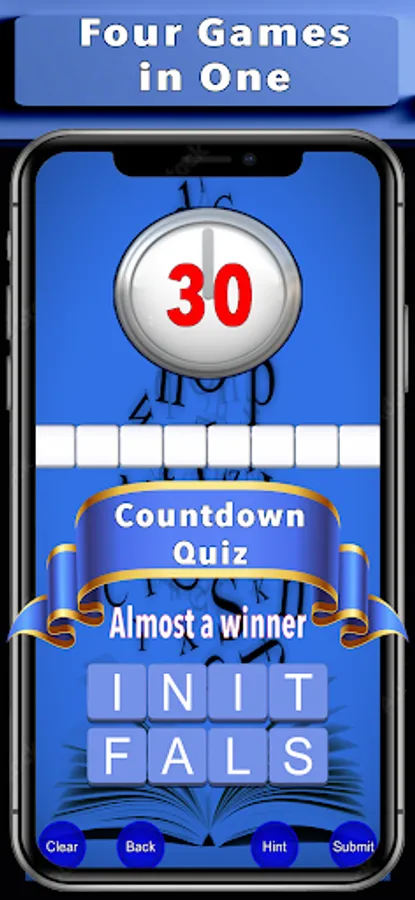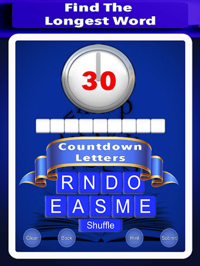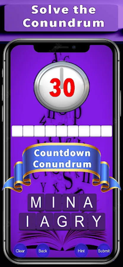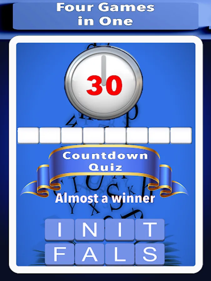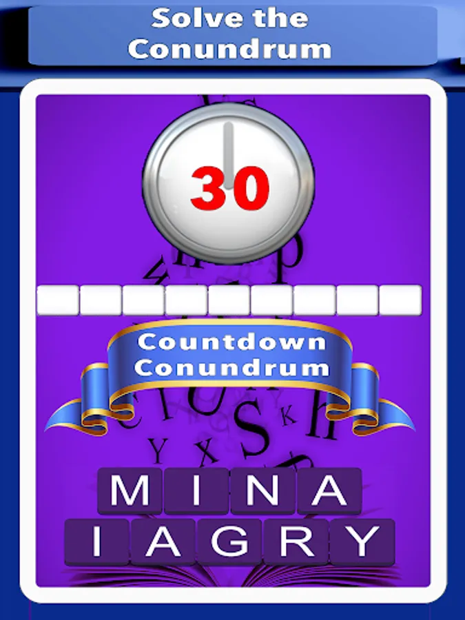 This game combines four games and is based on the TV game show countdown. The word games are based on arranging vowels and consonants to make the longest words.
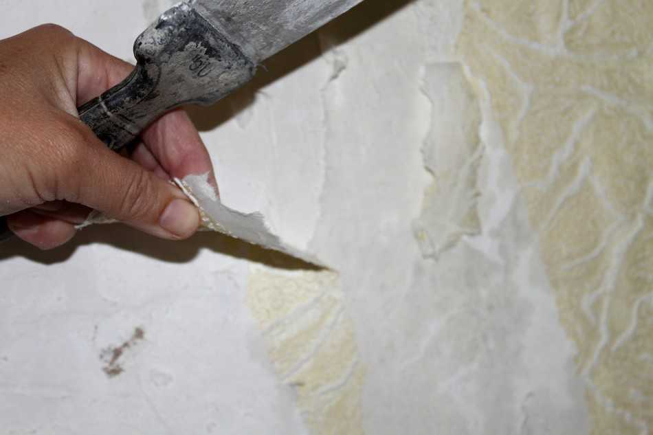 - Работа с потолком и стенками. С поверхности удалите старую отделку: краску, побелку, обои. С помощью наждака и шпателя сделать это несложно. Работайте с использованием защитных средств, в числе которых очки и респиратор. Если возникнут трудности со снятием обоев, намочите теплой водой.
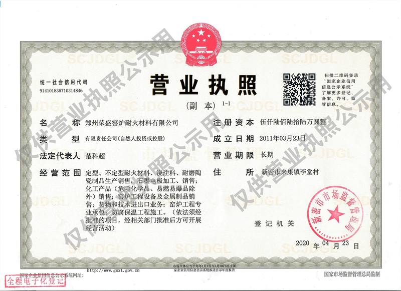 鄭州榮盛窯爐耐火材料有限公司營業(yè)執(zhí)照公示
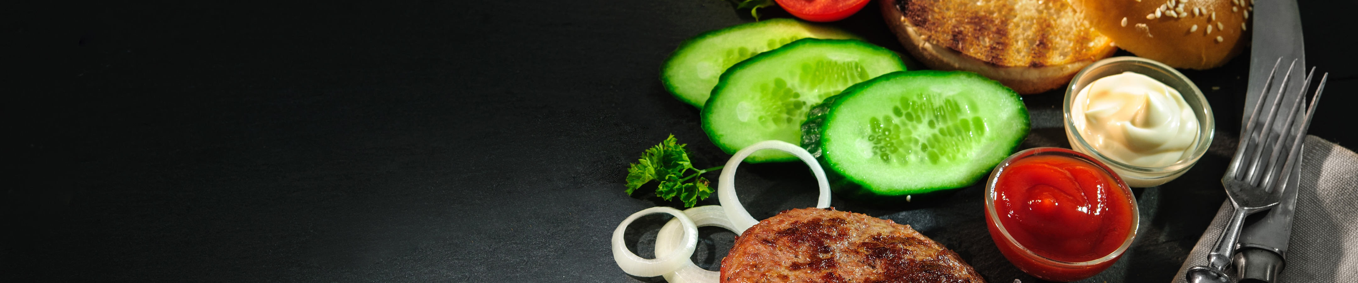 Назад к обои зелень, помидоры, котлета, огурцы, кушанье
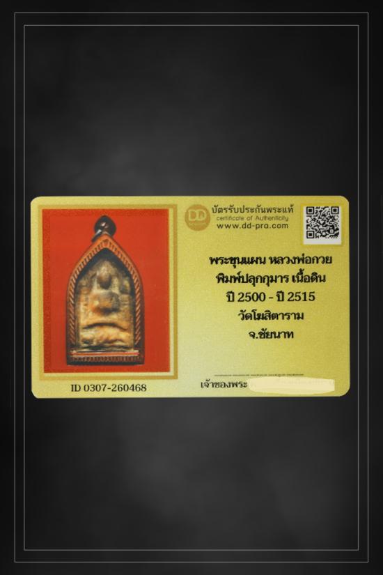 พระขุนแผนหลวงพ่อกวย พิมพ์ปลุกกุมารทอง ปี 2500-ปี 2515 เนื้อดิน วัดโฆสิตาราม จ.ชัยนาท + บัตรรับประกันพระแท้
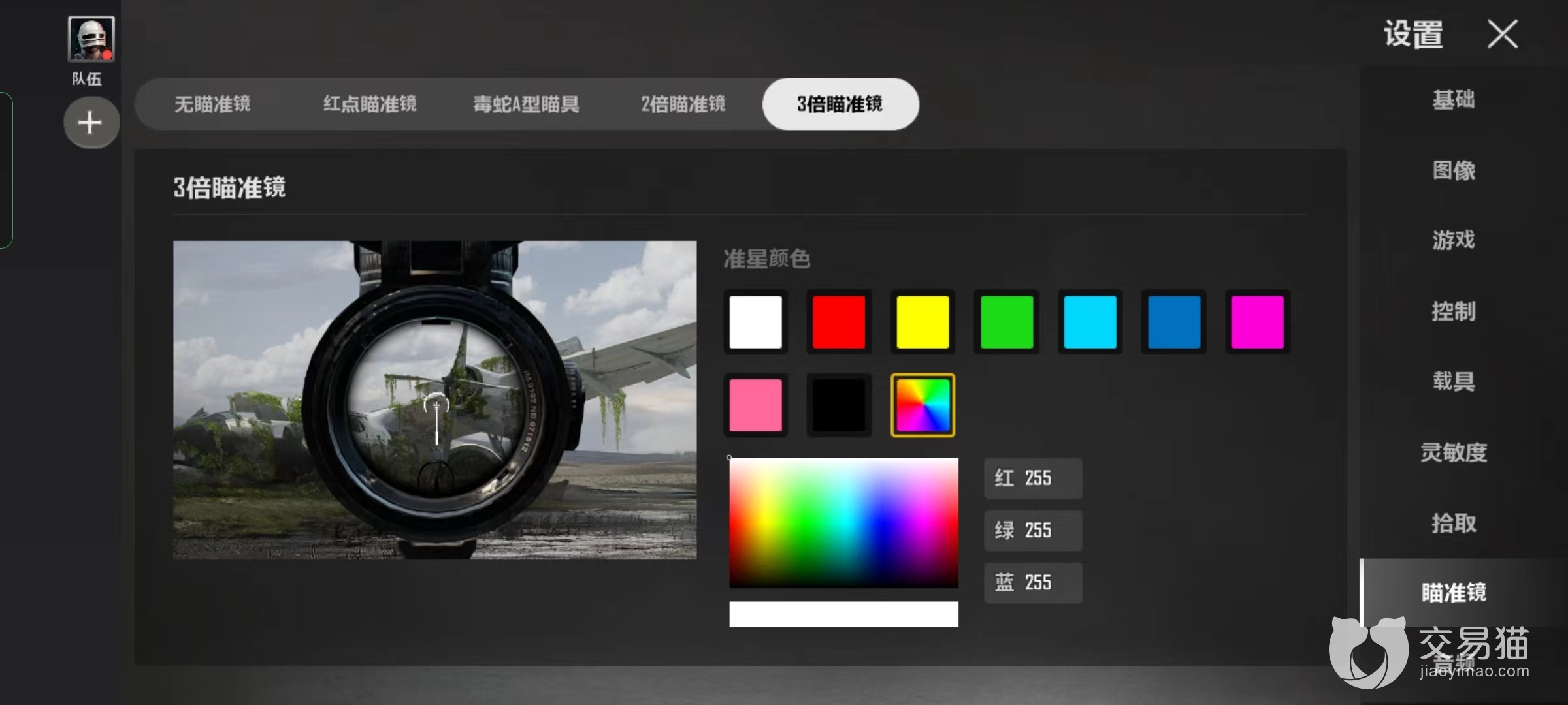 想要调试准星颜色,玩家需要先进入设置界面。找到瞄准镜专栏,此时玩家选择对应的瞄准镜,就可以进行准星颜色的调试了。系统还为玩家提供了准星的预览功能,便于玩家进行设置。
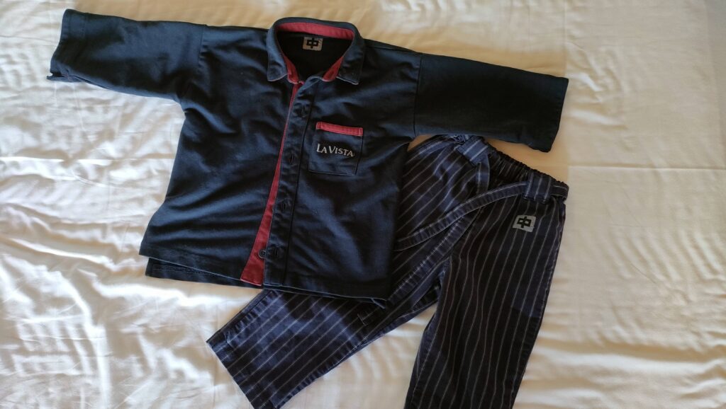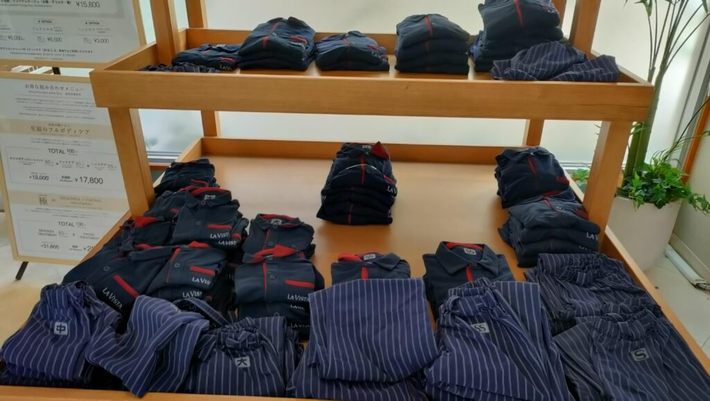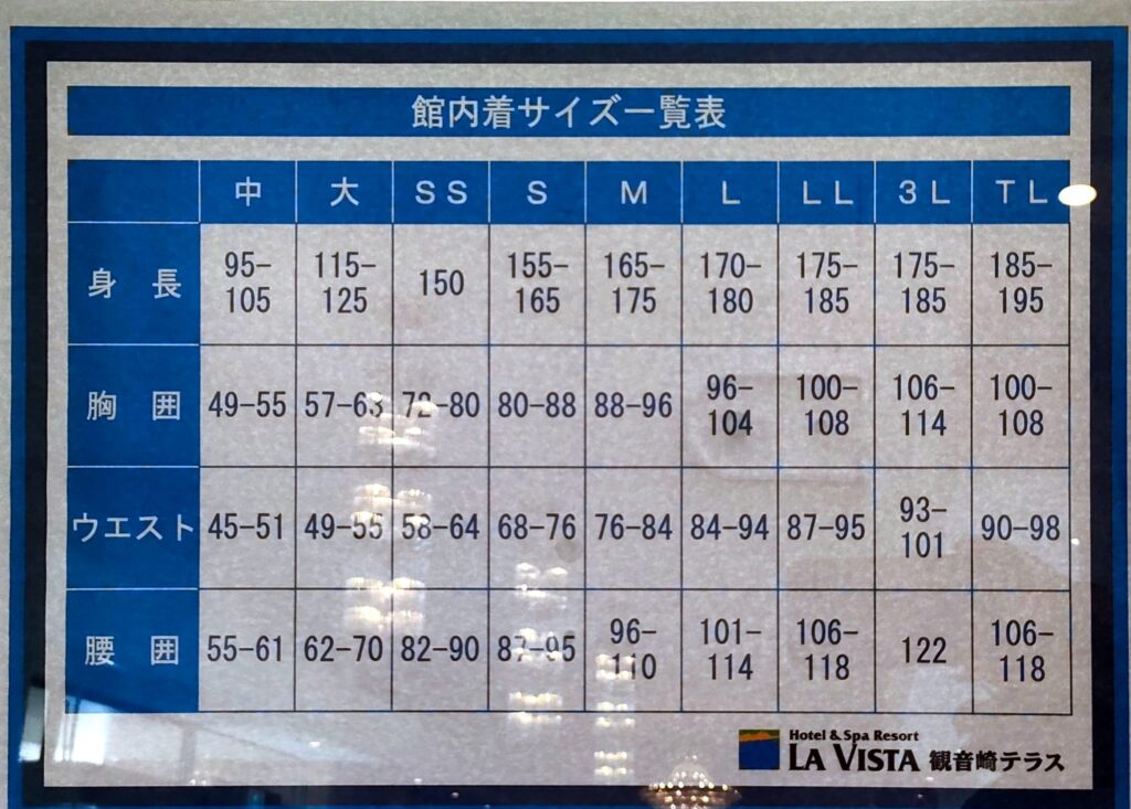館内着はLサイズとMサイズが部屋にありますが、子ども用サイズは2階ロビーにあります。
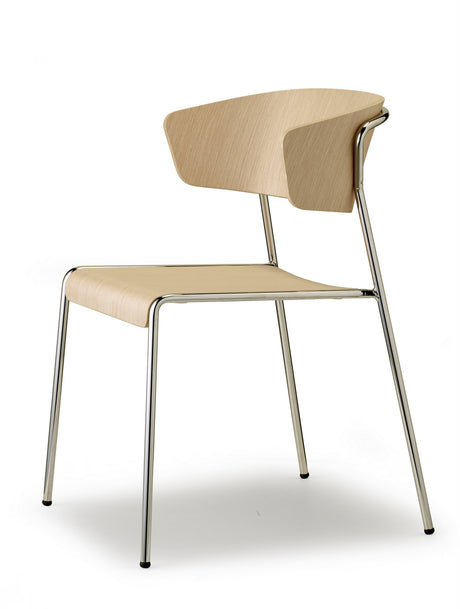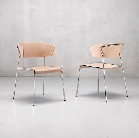 Design Stuhl chrom, Stuhl stapelbar, Konferenzstuhl, Holz, Besucherstuhl, Natur
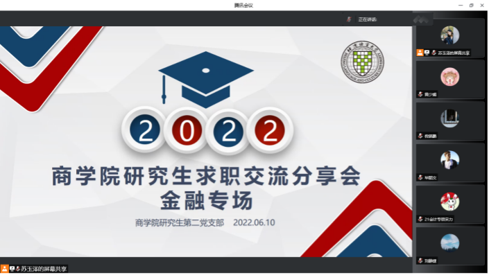 近日,“青年就业记”商学院研究生毕业生经验交流会在腾讯会议平台顺利举行。十位2022届研究生毕业生在交流会上分享了自己的实习和就业经验,并解答了同学们的相关提问。
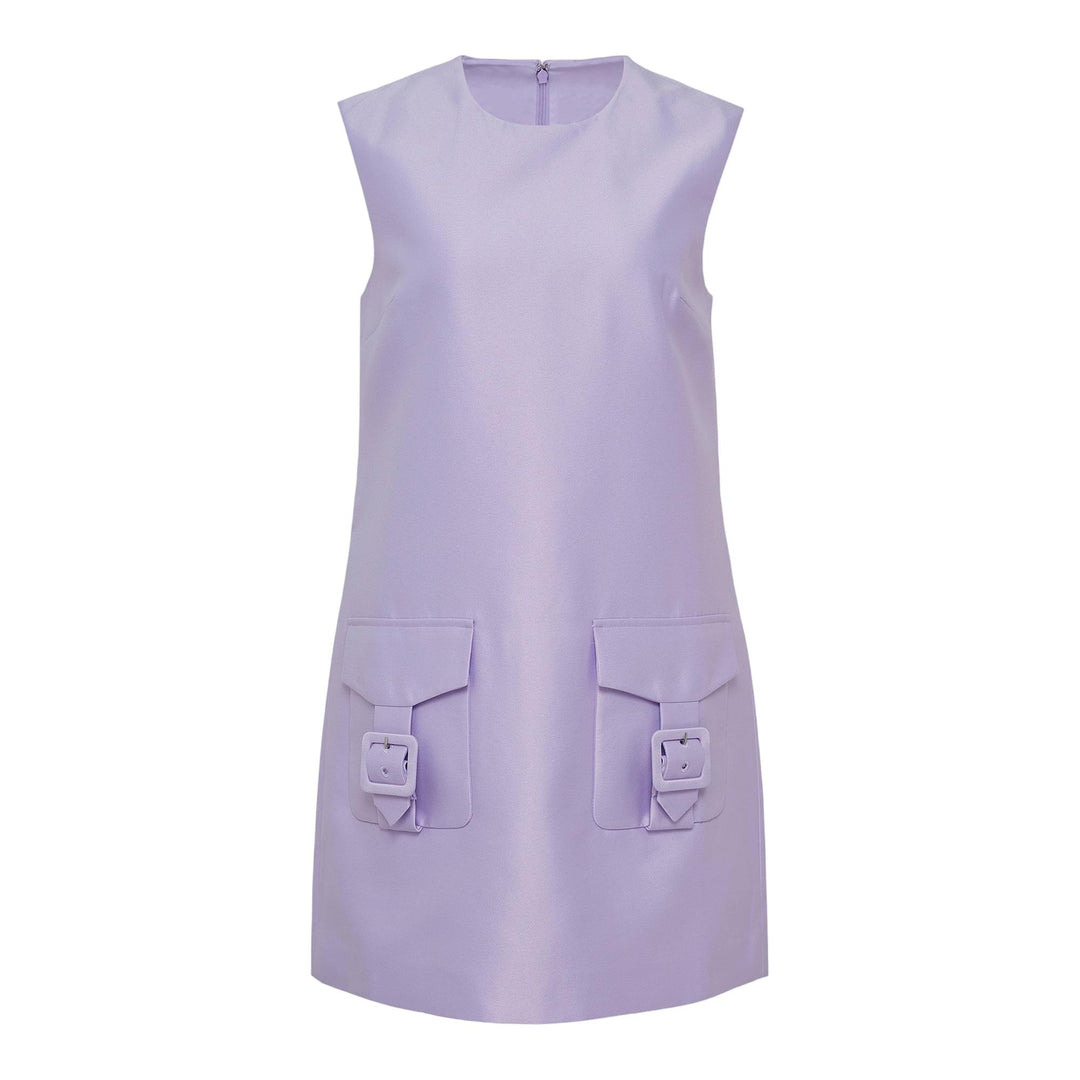 600070587LIL004 / PF25-016SA-L/00/LILAC - Sleeveless A-line design - Round neckline - Back zip closure - Two front flap pockets with buckle details - Lustrous taffeta construction - Mini length - Structured fit Self-Portrait Lilac Taffeta Mini Dress delivers contemporary feminine elegance with structured sophistication. Crafted from lustrous taffeta in soft lilac, featuring a sleeveless A-line silhouette with distinctive front flap pockets and buckle details. The modern mini length and architectural pocket construction create a statement piece that balances playful charm with refined tailoring.
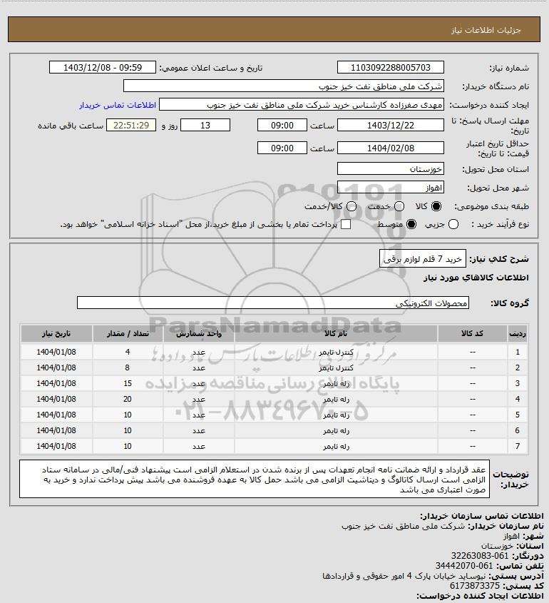 شرح کلی نیاز: خرید 7 قلم لوازم برقی
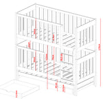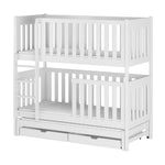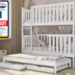 Das Bett besteht aus FSC-Kiefer-Vollholz und ist nach den höchsten Sicherheitsnormen zertifiziert. Die wasserbasierten, kinderfreundlichen Farben sind geruchslos, leck- und speichelfest und bieten maximale Sicherheit für Ihr Kind. Die Schublade ist aus MDF. Jede Liegefläche kann mit bis zu 100 kg belastet werden.
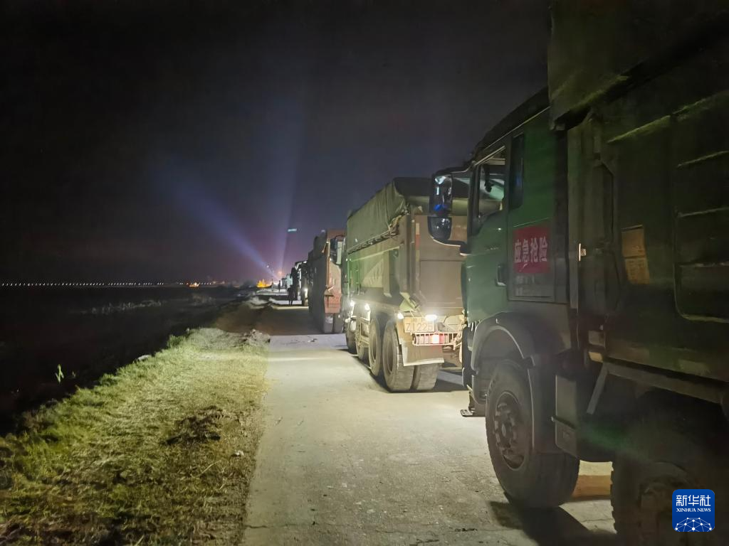 時(shí)間指向凌晨4點(diǎn),通向決口的公路上,滿載石料的卡車(chē)、工程車(chē)輛仍然排著“長(zhǎng)龍”,蜿蜒3公里長(zhǎng),機(jī)械的轟鳴聲響徹大堤。
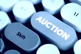 Auction is a process of buying and selling goods or services by offering them up for bids, taking bids, and then selling the item to the highest bidder, text concept button on keyboard
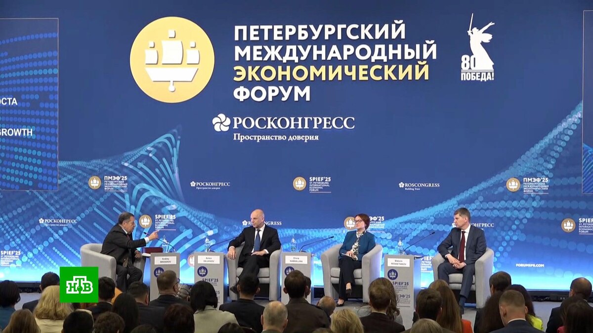 [ Смотреть видео на сайте НТВ ] Петербургский международный экономический форум — мероприятие масштабное. Только в его деловой программе насчитывается около 200 сессий, этим утром начались сразу 27 сессий. На этом фоне не может затеряться обсуждение российской экономики в компании министра финансов Антона Силуанова, главы ЦБ Эльвиры Набиуллиной и главы Минэкономики Максима Решетникова. Как отметил традиционный модератор таких сессий и глава думского комитета по бюджету Андрей Макаров, может ли добрым быть утро, которое начинается с макроэкономики. Несмотря на всю традиционность такой сессии, в этом году появилось важное новшество. Андрей Макаров, председатель комитета Госдумы РФ по бюджету и налогам: «Это абсолютная новинка даже для меня — мне положили колокольчик, он звонит — дзинь-дзинь. Эльвира Сахипзадовна, больше нашего спора о том, можно ли перебивать или нет, не будет, я буду просто звонить в колокольчик». Так получилось, что замглавы президентской администрации Максим Орешкин н

○ ○ ○ ○ ○ ○ ○

Using the records above, print exactly the lines between the ones containing "鄭州榮盛窯爐耐火材料有限公司營業(yè)執(zhí)照公示" and "พระขุนแผนหลวงพ่อกวย พิมพ์ปลุกกุมารทอง ปี", inclusive, and nothing else; no pictures.

 鄭州榮盛窯爐耐火材料有限公司營業(yè)執(zhí)照公示
 Назад к обои зелень, помидоры, котлета, огурцы, кушанье
 พระขุนแผนหลวงพ่อกวย พิมพ์ปลุกกุมารทอง ปี 2500-ปี 2515 เนื้อดิน วัดโฆสิตาราม จ.ชัยนาท + บัตรรับประกันพระแท้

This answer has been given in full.